# [Task item]
Reproduce the full listing below exactly. Do not include the pictures.

# [Given material]
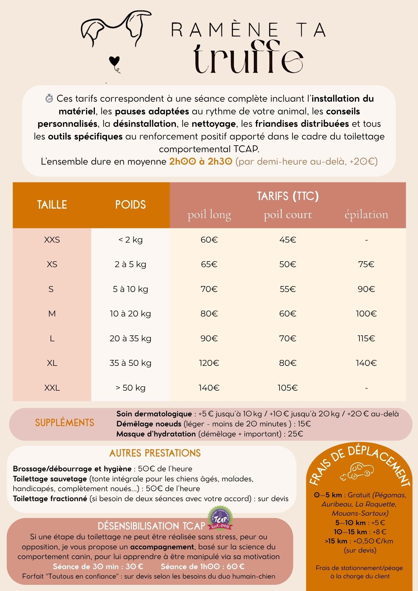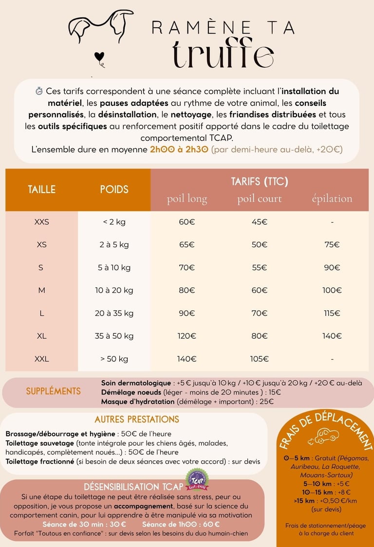 Service de toilettage spécialisé en toilettage comportemental TCAP à votre domicile pour tous les chiens dans le département des Alpes-Maritimes (06) à Pégomas, la Roquette-sur-Siagne, Auribeau-sur-Siagne, Grasse, Mougins, Mouans-Sartoux, Mandelieu-La Napoule...
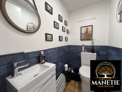 RDC: Couloir donnant accès à un salon-séjour avec cheminée feu de bois, une cuisine aménagée et équipée, un wc indépendant et une buanderie.
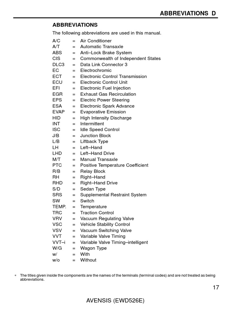 Toyota Avensis 2003-2007 Electrical Wiring - All
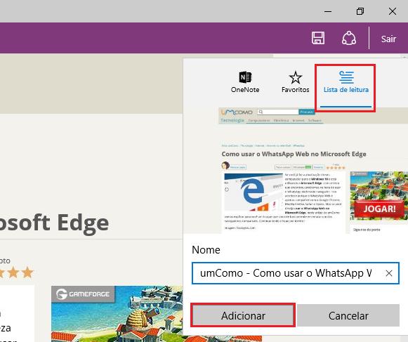 De seguida, selecione a opção "Lista de leitura" e adicione o nome da página de maneira a que se recorde mais tarde. Faça clique no botão Adicionar e já tem essa página guardada para conseguir ler offline no Microsoft Edge.

# [Result for this task]
 Service de toilettage spécialisé en toilettage comportemental TCAP à votre domicile pour tous les chiens dans le département des Alpes-Maritimes (06) à Pégomas, la Roquette-sur-Siagne, Auribeau-sur-Siagne, Grasse, Mougins, Mouans-Sartoux, Mandelieu-La Napoule...
 RDC: Couloir donnant accès à un salon-séjour avec cheminée feu de bois, une cuisine aménagée et équipée, un wc indépendant et une buanderie.
 Toyota Avensis 2003-2007 Electrical Wiring - All
 De seguida, selecione a opção "Lista de leitura" e adicione o nome da página de maneira a que se recorde mais tarde. Faça clique no botão Adicionar e já tem essa página guardada para conseguir ler offline no Microsoft Edge.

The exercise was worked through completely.